Fast forward to the 2000s, which saw a huge boom in the number of processors working in parallel, with numbers upward in the tens of thousands. Such examples in the evolution in parallel computing, High Performance Computing, and multi-core systems include the fastest supercomputer today, being Japan's Fugaku which was jointly developed by RIKEN and Fujitsu. It boasts an impressive 7.3 million cores, all of which are, for the first time in a supercomputer, ARM-based. It uses a hybrid-memory model and a new network architecture that provides higher cohesion among all the nodes. The success of the new system is a radical paradigm-shift from the departure of traditional supercomputing towards that of ARM-powered systems. It is also proof the designers wanted to highlight that HPC still has much room for improvement and innovation.

Multi-core products in the commercial market

Multi-core in server systems

In the early 2000's, the progress of single-core processor development was starting to diminish. As mentioned above, they faced issues such as high power consumption, which also resulted in excessive heat. There were many companies running power hungry servers, who wanted to lower the cost of operations from electricity and cooling.

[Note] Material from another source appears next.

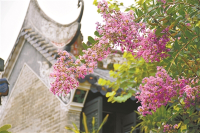 時值仲夏,廣東四大名園之一余蔭山房內成千上萬朵紫薇盛放,將整個園林裝點成了夢幻的海洋。目之所及,層層疊疊的紫薇花各色交雜,在綠葉的掩映下,與古建筑相映襯,如同一幅自然靈動的畫卷,美得讓人移不開視線。

This is where IBM, a top company in the workplace server market today, made a big name for themselves.

In 2001, IBM was the first company to release a dual-core processor for UNIX systems on the market. They called it the IBM POWER4, and was released as part of their eServer lineup as the pSeries IBM Regatta. Regatta was able to put IBM in the spotlight for data centers and large enterprises and was advertised as having "twice the performance for half the cost". They iterated more on the POWER series of processors, and in 2010, expanded the number of cores available from 2 to 8 with the release of the POWER7.

The evolution of IBM POWER series processors
Source: IBM systems magazine, October 2010, page 36

The invention and implementation of multi-core was crucial to IBM’s success as we see today. During the development of the POWER4 in the mid 90s, IBM had a market share of 15 percent, with other companies such as Sun and HP taking a large percentage of the market. By 2010, with the release of multiple iterations of their multi-core products, they had become a leader in the market with a share of 45 percent.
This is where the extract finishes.